# Delivered one kid, is there more?



## Cochranscrazykidz (Nov 25, 2013)

This morning around 8 I saw one of our goat's (layla) showing signs of labor, she was actually already pushing and you could see one hoof and the nose. We had to help her cause the other hoof was bent inside her. That kid was dead when we pulled her out. Now its 4pm and no other kids have come out and no afterbirth. She seems content, yet very clingy and makes noises when we leave the barn. Is there a chance there is more in there? she looks healthy and she is eating. We don't know what to do.
We only have one large animal vet around and he has flat out said he doesn't deal with goat and knows nothing about them. We could investigate but now it doesn't seem like our hand could even get inside. Any advice would be greatly appreciated.


----------



## goatgirl16 (Nov 21, 2012)

I would definitely check to see if she has another has she had any afterbirth?


----------



## BCG (Jun 30, 2012)

When was she due? How big was the kid? Is it possible she was early? A symptom of clamydia is premature birth and retained afterbirth.

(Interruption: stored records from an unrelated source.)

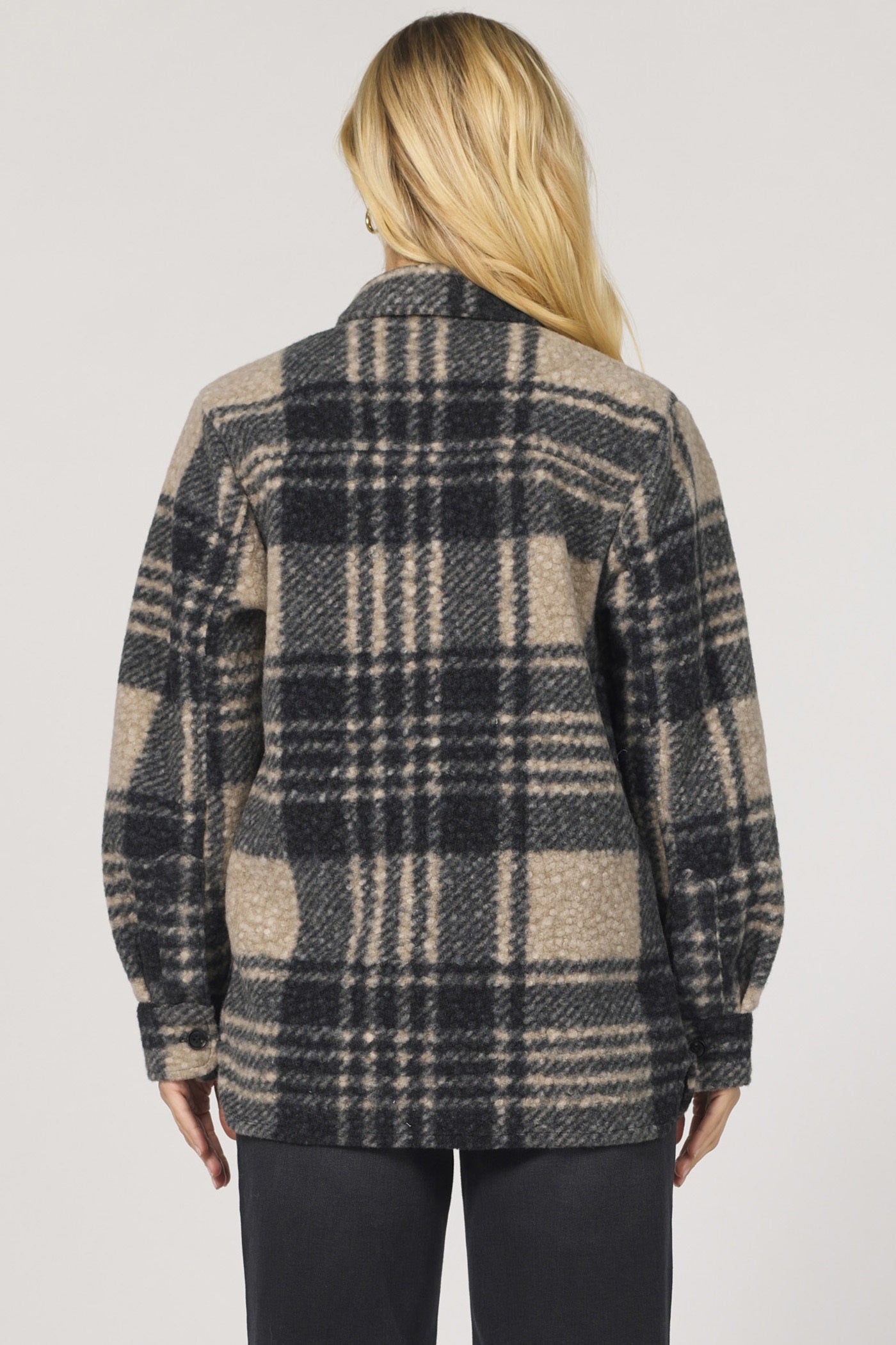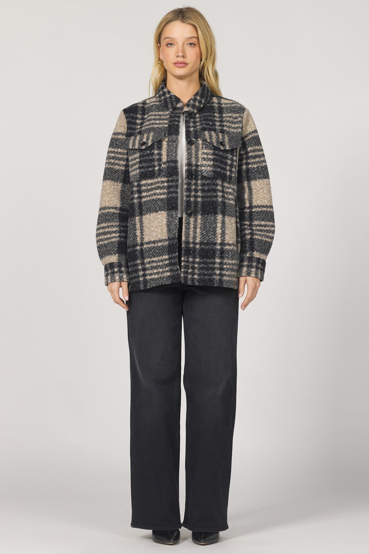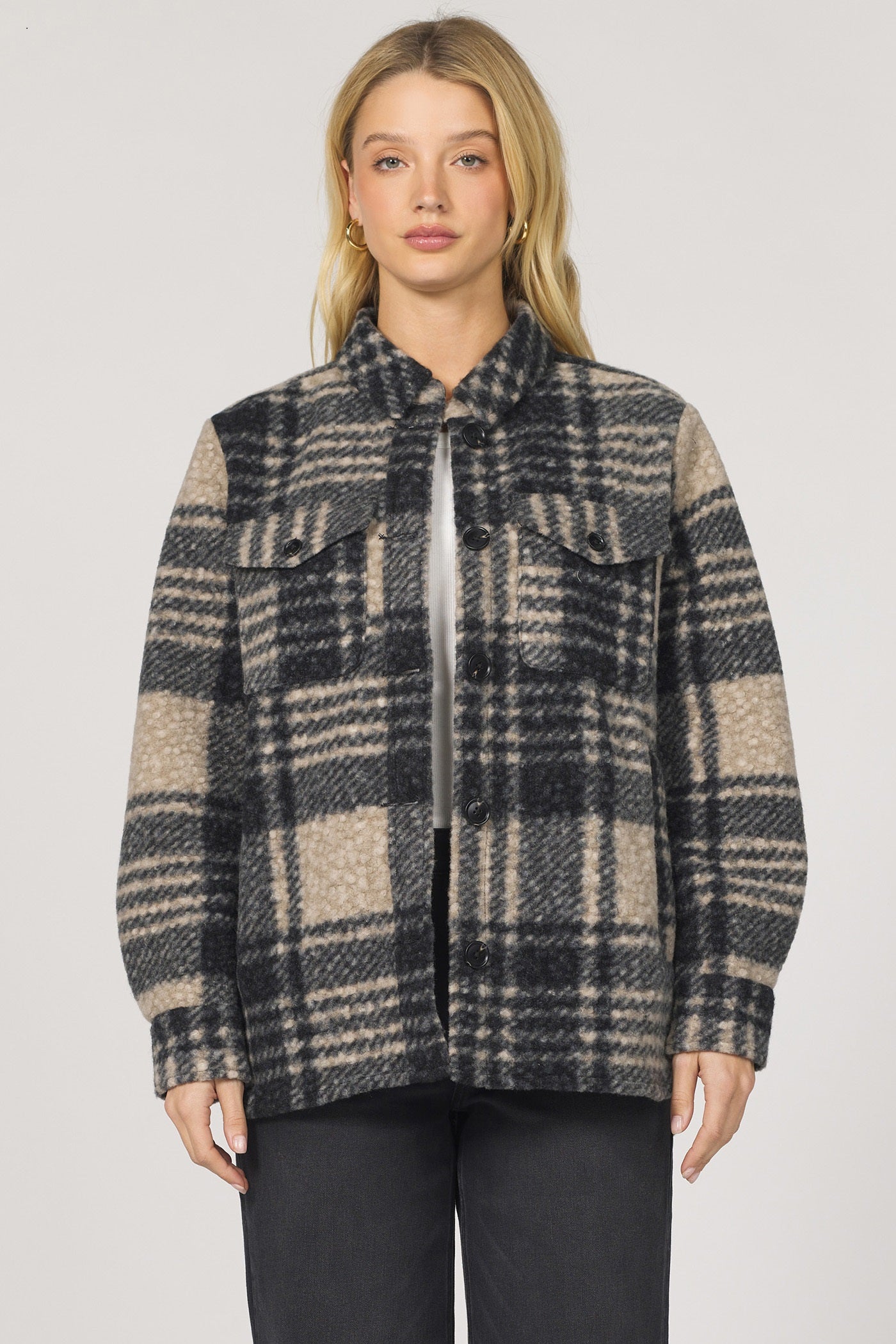 Adorned with a delightful plaid design, this jacket offers a cozy yet polished look for any occasion.
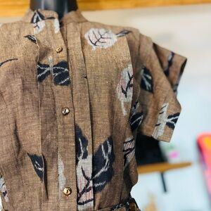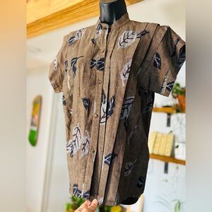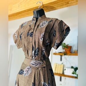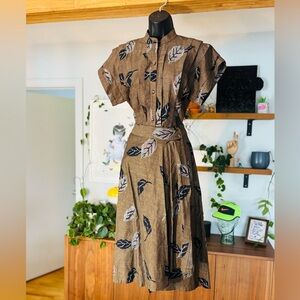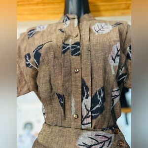 Elevate your wardrobe with this timeless vintage Kenzo two-piece set, likely from the 1980s–1990s based on the classic Kenzo Paris label. This sophisticated ensemble features a structured top and matching skirt in a muted earthy brown print adorned with artistic leaf motifs – a signature of Kenzo's playful yet elegant approach to fashion.
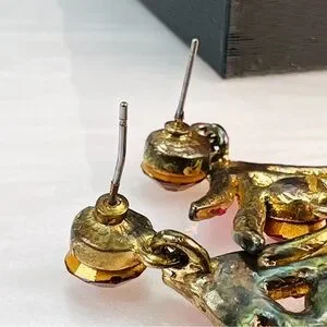 Gorgeous, vintage pink amber tones bling pierced earrings

If she hasn't passed afterbirth you definitely need to explore. Put on a glove, lube it and slowly massage the cervix until you can get in there.


----------



## Terra Mia (Dec 21, 2011)

Sometimes they eat the placenta and you don't ever see it.


----------



## goatgirl16 (Nov 21, 2012)

Very true!


----------



## BCG (Jun 30, 2012)

Good point


----------



## clementegal (May 23, 2013)

When one of my does gives birth every year she eats the placenta as it comes out... I don't really want her to in case she chokes on it but I can't really prevent it. Maybe that's the case with your doe.


----------



## Wild Hearts Ranch (Dec 26, 2011)

Mine all eat the placenta - however, I can usually tell when they've had it as there's more discharge than they had before. It's definitely possible that she retained a kid if they other was stillborn. You can "bounce" her as described here: http://fiascofarm.com/goats/bouncing.html


----------



## Cochranscrazykidz (Nov 25, 2013)

I have not seen an afterbirth but its very possible she ate it. I haven't seen any kind of discharge from her. We tried going in last night but she was dialated anymore and we just couldn't get in. If she is retaining a kid, is there a chance the kid would still be alive? We bought this herd 2 months ago, we didn't have papers but the guy told us they were due around december. The size of the first kid was actually bigger then average so I don't think she was premature. Mama is still healthy as of last night. I'm headed out to check on her this morning. Oh and thoughts on milking her before we see the afterbirth?


----------



## Wild Hearts Ranch (Dec 26, 2011)

Milking is good, it stimulates the hormones that release the placenta.


----------



## ksalvagno (Oct 6, 2009)

If there is possible a retained kid, it would be dead. Any time you question if there are more, go in right away. This year seemed to be a year of retained dead fetuses. I have heard so many stories of retained dead kids it was just unbelievable. And these are from people who take very good care of their goats and keep up on copper and selenium, etc. So my lesson from all those people that I know had dead retained kids is to go in if there is any question at all. And go in right away.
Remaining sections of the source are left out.